# WORK INSTRUCTIONS
Exactly the lines below starting at the line with "- A charred" and ending at the line with "Pohled ukazující tři" are wanted, with both ends included. Leave out the pictures and add no other lines.

# LISTED RECORDS
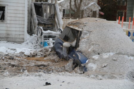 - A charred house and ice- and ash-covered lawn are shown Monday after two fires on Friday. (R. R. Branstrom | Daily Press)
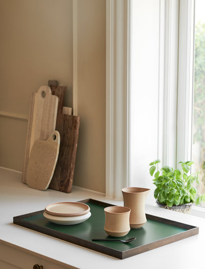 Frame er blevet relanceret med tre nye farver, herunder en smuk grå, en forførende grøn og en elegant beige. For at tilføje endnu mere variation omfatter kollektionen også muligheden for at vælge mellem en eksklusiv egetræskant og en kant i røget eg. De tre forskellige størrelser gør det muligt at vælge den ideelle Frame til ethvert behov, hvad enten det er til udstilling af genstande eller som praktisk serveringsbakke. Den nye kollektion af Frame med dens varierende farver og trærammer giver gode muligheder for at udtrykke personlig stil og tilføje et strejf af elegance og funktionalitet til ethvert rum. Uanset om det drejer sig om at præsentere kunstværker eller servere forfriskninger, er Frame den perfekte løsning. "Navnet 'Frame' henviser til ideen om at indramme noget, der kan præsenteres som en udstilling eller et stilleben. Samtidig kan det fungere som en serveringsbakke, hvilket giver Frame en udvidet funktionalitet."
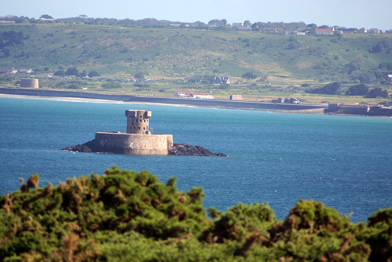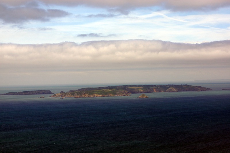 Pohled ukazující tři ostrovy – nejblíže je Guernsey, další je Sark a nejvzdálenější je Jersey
...
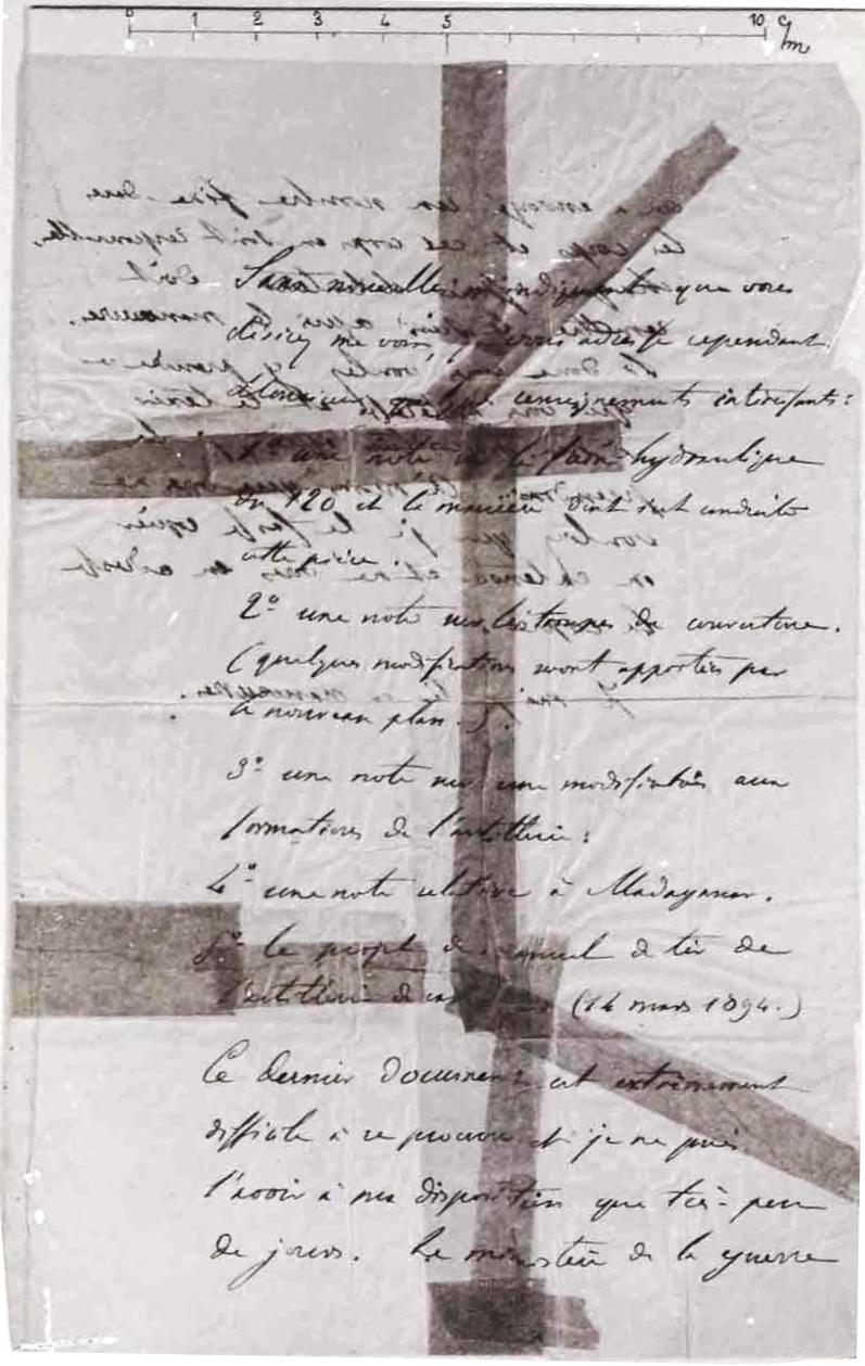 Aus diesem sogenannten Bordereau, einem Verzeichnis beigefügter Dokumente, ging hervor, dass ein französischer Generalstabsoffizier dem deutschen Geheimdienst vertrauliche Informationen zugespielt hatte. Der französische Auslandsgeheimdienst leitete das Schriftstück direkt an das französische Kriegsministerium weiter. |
--
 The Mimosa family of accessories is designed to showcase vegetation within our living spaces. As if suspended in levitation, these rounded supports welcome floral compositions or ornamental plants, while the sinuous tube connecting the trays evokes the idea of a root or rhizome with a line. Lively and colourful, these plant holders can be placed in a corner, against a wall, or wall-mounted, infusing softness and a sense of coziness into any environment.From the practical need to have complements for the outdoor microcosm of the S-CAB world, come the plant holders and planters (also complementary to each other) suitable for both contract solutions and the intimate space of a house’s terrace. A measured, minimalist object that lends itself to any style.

# SOLUTION TO THE PROBLEM
 - A charred house and ice- and ash-covered lawn are shown Monday after two fires on Friday. (R. R. Branstrom | Daily Press)
 Frame er blevet relanceret med tre nye farver, herunder en smuk grå, en forførende grøn og en elegant beige. For at tilføje endnu mere variation omfatter kollektionen også muligheden for at vælge mellem en eksklusiv egetræskant og en kant i røget eg. De tre forskellige størrelser gør det muligt at vælge den ideelle Frame til ethvert behov, hvad enten det er til udstilling af genstande eller som praktisk serveringsbakke. Den nye kollektion af Frame med dens varierende farver og trærammer giver gode muligheder for at udtrykke personlig stil og tilføje et strejf af elegance og funktionalitet til ethvert rum. Uanset om det drejer sig om at præsentere kunstværker eller servere forfriskninger, er Frame den perfekte løsning. "Navnet 'Frame' henviser til ideen om at indramme noget, der kan præsenteres som en udstilling eller et stilleben. Samtidig kan det fungere som en serveringsbakke, hvilket giver Frame en udvidet funktionalitet."
 Pohled ukazující tři ostrovy – nejblíže je Guernsey, další je Sark a nejvzdálenější je Jersey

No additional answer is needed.